Bapak Pham Duc Huan, Direktur Departemen Etnis Minoritas dan Agama – Badan Tetap Komite Pengarah untuk pelaksanaan penghapusan rumah sementara dan kumuh serta pengembangan perumahan sosial di provinsi ini, mengatakan: Di masa lalu, departemen telah menyarankan Komite Pengarah untuk mengarahkan departemen, lembaga, dan kecamatan terkait untuk berkoordinasi erat dalam meninjau dan menyepakati jumlah penerima manfaat, memastikan transparansi, keterbukaan, dan kepatuhan terhadap peraturan, termasuk yang terkena dampak bencana alam dan perubahan iklim. Departemen juga secara berkala memperbarui dan mendesak kecamatan untuk melaporkan situasi pelaksanaan; mengembangkan rencana untuk memeriksa dan memantau pelaksanaan di tingkat akar rumput, sehingga mengidentifikasi kesulitan dan hambatan untuk dilaporkan kepada Komite Pengarah untuk penyelesaian tepat waktu.
Bersamaan dengan tingkat provinsi, komune dan kelurahan juga secara fleksibel menerapkan berbagai solusi seperti: memobilisasi pejabat komune, pegawai negeri sipil, anggota serikat pekerja, anggota asosiasi, perwira dan tentara dari pasukan pendukung untuk menyediakan tenaga kerja untuk mengangkut bahan bangunan; secara rutin memeriksa dan memantau pelaksanaannya…

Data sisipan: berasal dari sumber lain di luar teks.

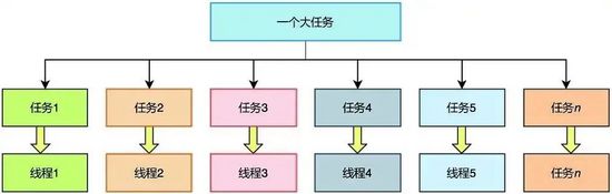 关于分工,比较官方的解释是:一个比较大的任务被拆分成多个大小合适的任务,这些大小合适的任务被交给合适的线程去执行。
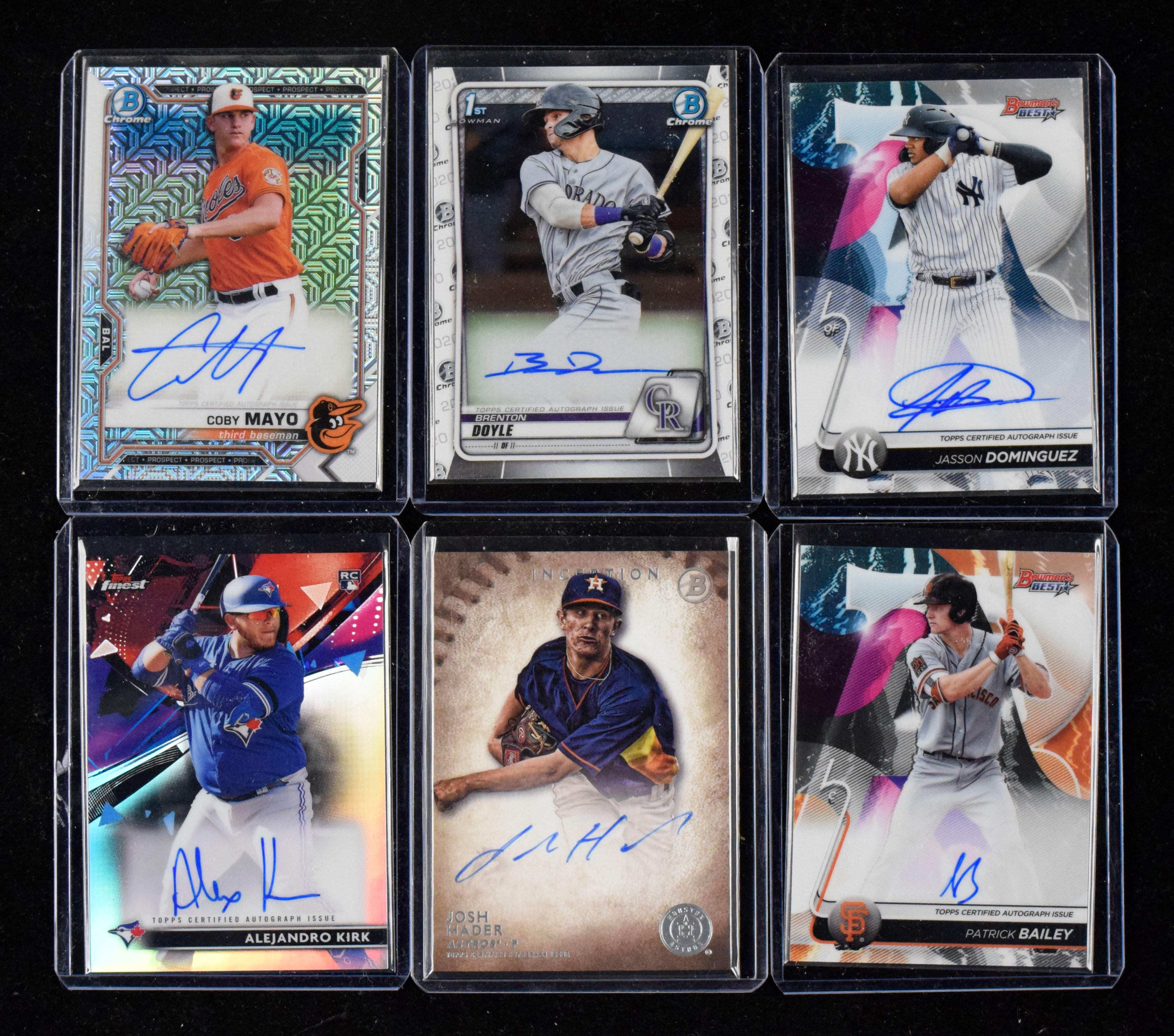Description:Lot of (12) signed modern baseball rookie cards (NM-NM/MT). Includes 2015 Bowman Inception "Prospect Autograph" #PA-JHA signed by Josh Hader; 2020 Bowman's Best "Best of 2020 Autographs" #s B20-JD signed by Jasson Dominguez, B20-NGO signed by Nolan Gorman, and B20-PB signed by Patrick Bailey; 2020 Bowman Chrome "Prospect Autographs" #CPA-BD signed by Brenton Doyle; 2020 Panini Contenders "Draft Pick Ticket" #DPT-NG signed by Nick Gonzales; 2020 Panini Prizm Draft Picks "Silver Prizm" #PDP177 signed by Heston Kjerstad; 2021 Topps Finest "Autographs" #s FA-AK signed by Alejandro Kirk, FA-KHA signed by Ke'Bryan Hayes, FA-RJ signed by Ryan Jeffers, and FA-RMA signed by Rafael Marchan; 2021 Bowman "Chrome Prospects Autographs Mojo Refractors" #BMA-CM signed by Coby Mayo. Signatures rate 8 to 10 out of 10: NM-NM/MT

Berdasarkan temuan kami, hingga saat ini, 36 dari 63 komune dan kelurahan telah memulai pekerjaan konstruksi atau perbaikan pada 100% rumah yang disetujui; 27 komune lainnya telah memulai konstruksi pada lebih dari 60% rumah yang disetujui. Secara keseluruhan, jumlah rumah yang telah memulai perbaikan atau konstruksi di bawah program ini adalah 817, mencapai hampir 61%, di mana 223 rumah telah selesai, termasuk rumah-rumah yang didukung karena dampak bencana alam dan perubahan iklim.

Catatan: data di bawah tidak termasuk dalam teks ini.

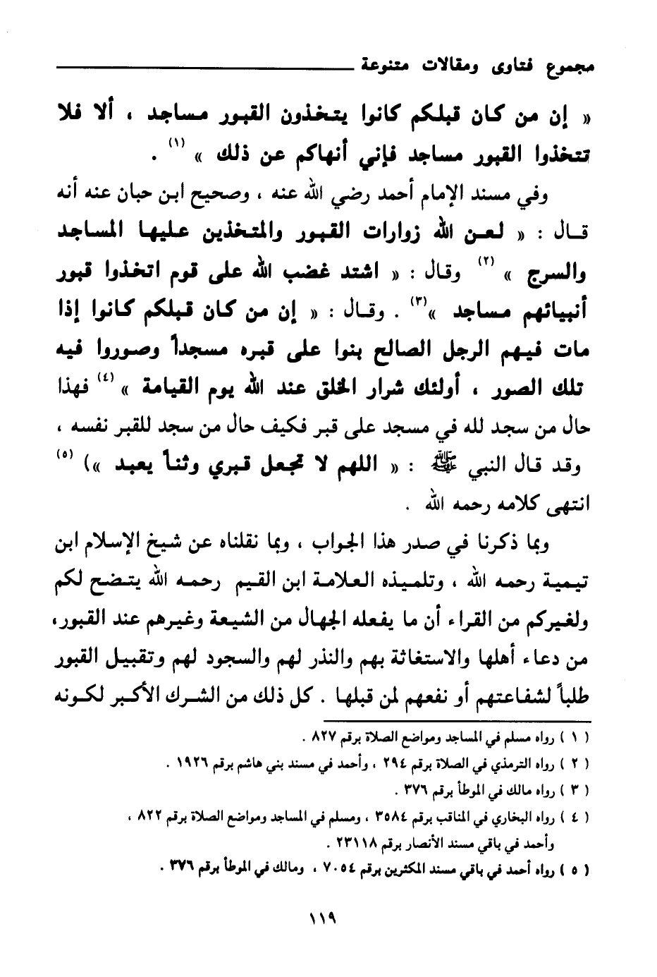 وفي مسند الإمام أحمد رضي الله عنه، وصحيح ابن حبان عنه أنه قال: «لعن الله زوارات القبور والمتخذين عليها المساجد والسرج (¬2) » وقال: «اشتد غضب الله على قوم اتخذوا قبور أنبيائهم مساجد (¬3) » وقال: «إن من كان قبلكم كانوا إذا مات فيهم الرجل الصالح بنوا على قبره مسجدا وصوروا فيه تلك الصور وأولئك شرار الخلق عند الله يوم القيامة (¬4) » فهذا حال من سجد لله في مسجد على قبر فكيف حال من سجد للقبر نفسه، وقد قال النبي صلى الله عليه وسلم: «اللهم لا تجعل قبري وثنا يعبد» انتهى كلامه رحمه الله.
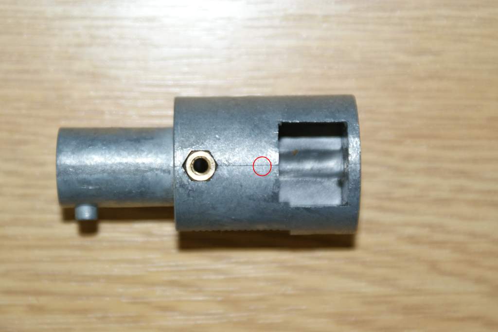 Nazdar, problemom nie je ani tak samotna hlaven, ale hop-system. Prikladam foto, na nom je to videt lepsie. Hopguma je z jednej strany hrubšia, z druhej tenšia a ta hrcka, ktora pritlaca gulu je v strede, tam, kde je ten zarez. AEG gumu tam sice navlečieš, ale tato ma pritlačnu hrču na okraji = medzi hlavnou a telom komory ti zostane asi 1 cm priestor a tym padom hlaven sa ti bude posuvat v komore. Ja som do SW M24 dal komoru na L96 a facha to paradne. Len som si musel dat spravit centrovaciu vložku. Povodna komora ma priemer 24 mm, ASpro L96 22 mm, vložka teda má 1 mm +-
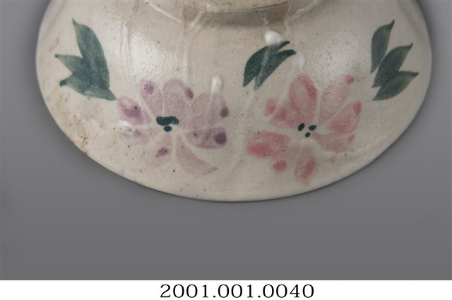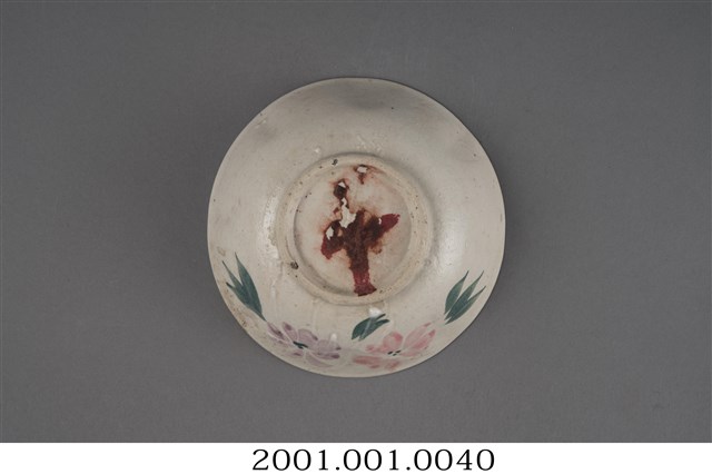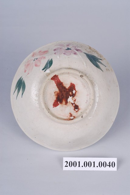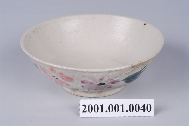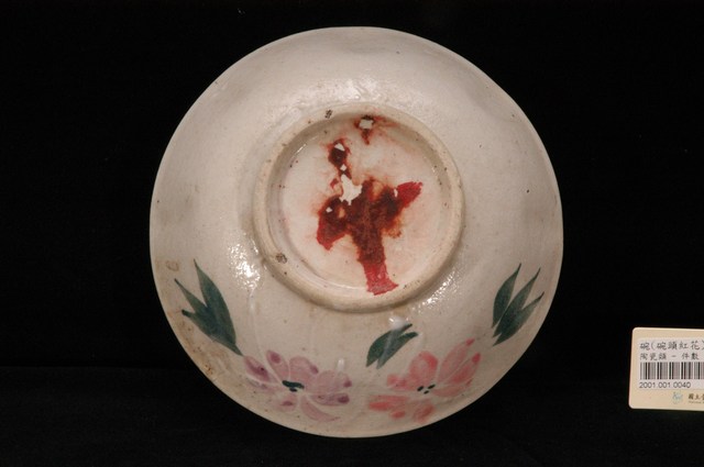手繪粉紅釉花卉紋碗屬高溫燒造,並且以模具塑形的作品。圓唇,敞口,弧壁下收,圓腹,碗底略作方折,碗底較深且寬,圈足徑稍大,圈足露胎,胎色米白,胎質略粗。全器施白釉,呈色微微帶米色調,釉色較暖,釉面光潔,器表略有氣孔。碗內壁素面無紋,內壁多有氣孔以及氣泡,因此釉面較不平整。碗外壁則因燒製溫度過高,導致釉面起伏,有非常明顯的流釉痕跡,且紋飾的顏色顯得過淡。模具成形,使得碗外壁略可見起伏變化,微微做出花瓣般的效果。主要紋飾繪於碗外壁的一側,以粉紅及淺紫色釉描繪花卉,花朵的形狀略小,並利用釉色堆疊做出深淺變化,形塑出花瓣的立體度,並以黛綠釉增添枝葉,整體釉色呈色較淡。構圖簡單大方,筆法優雅,風格雅緻。圈足底以紅色釉料做標記,應是作為窯口的辨認所用。
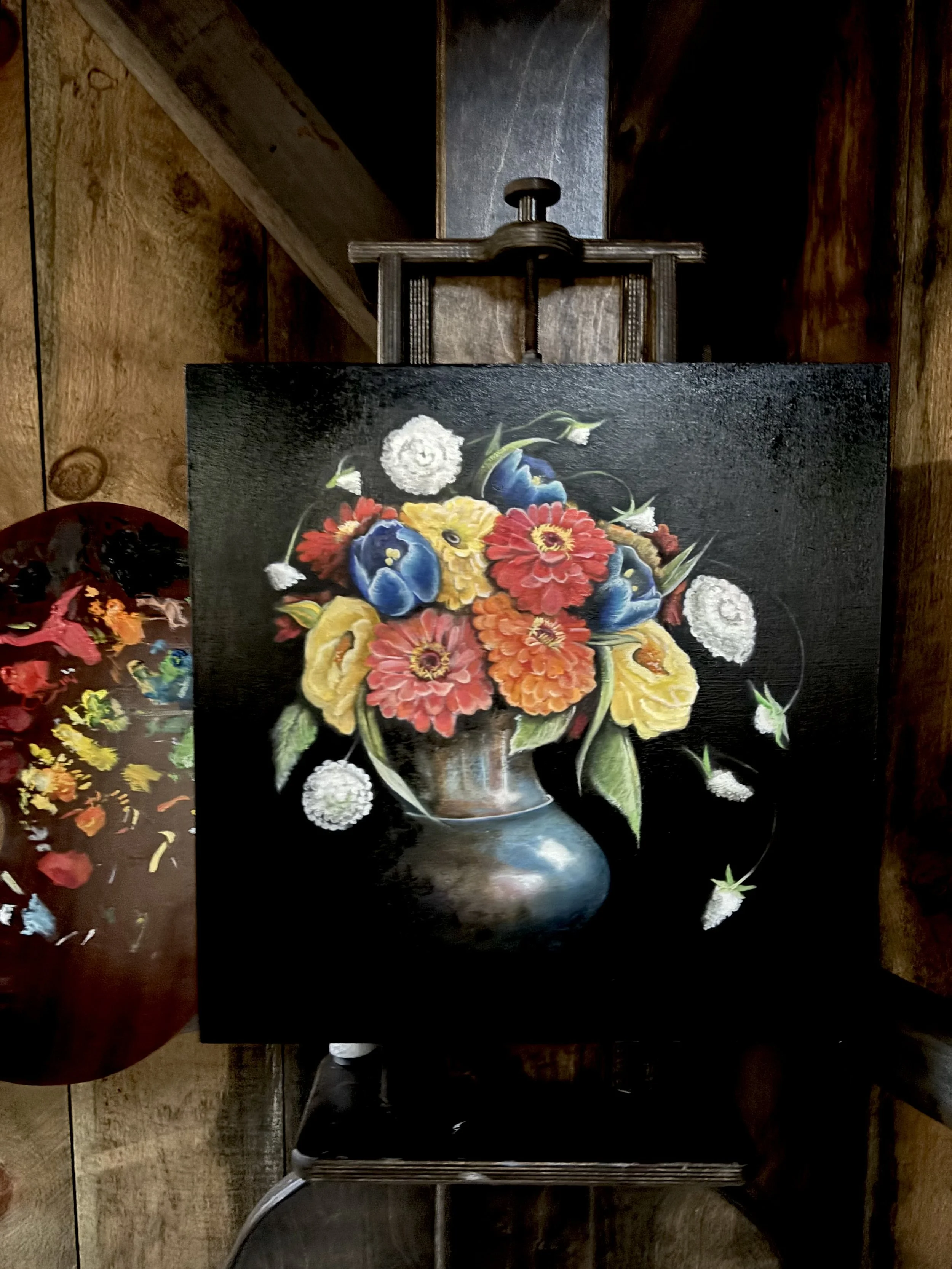 Janis works tucked in the heart of downtown Bolinas, a little coastal town, nestled in her garden. You are quite welcome to arrange for a visit to the studio. Enjoy talking about art, sip wine, coffee, or tea, view works in progress, and consider paintings available to acquire. Janis’ paintings are ideal for the soulful home curator and to bring depths of taste and meaning to your spaces.
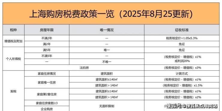 三、上海2025年8月最新购房税费政策
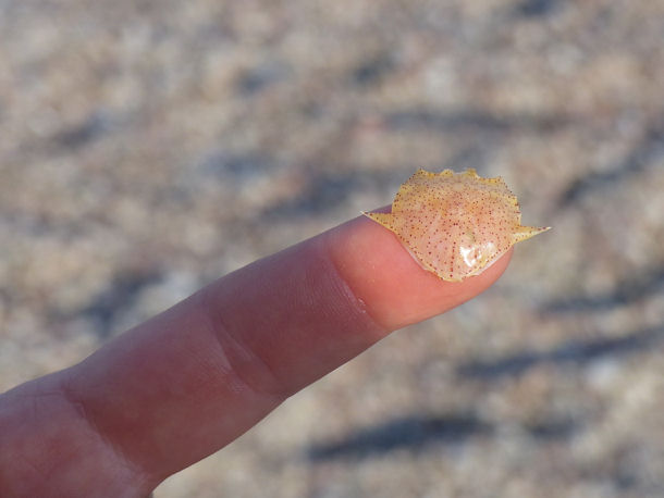das ist der abgestoßende Panzer einer Krabbe. Krabben und andere Krustentiere wie Krebse haben harte Hautpanzer, die sie während ihres Wachstums in regelmäßigen Abständen abwerfen und durch größere ersetzen.

Dalam periode mendatang, semua tingkatan, sektor, dan wilayah di provinsi ini akan terus mempercepat pelaksanaan program untuk menghilangkan rumah sementara dan kumuh bagi individu yang memenuhi syarat; khususnya membantu keluarga untuk memiliki rumah yang aman setelah bencana alam, menstabilkan kehidupan mereka, dan terutama rumah-rumah yang selesai dibangun sebelum Tahun Baru Imlek akan menjadi hadiah musim semi yang bermakna, membantu masyarakat merayakan Tahun Baru dengan lebih hangat dan meriah.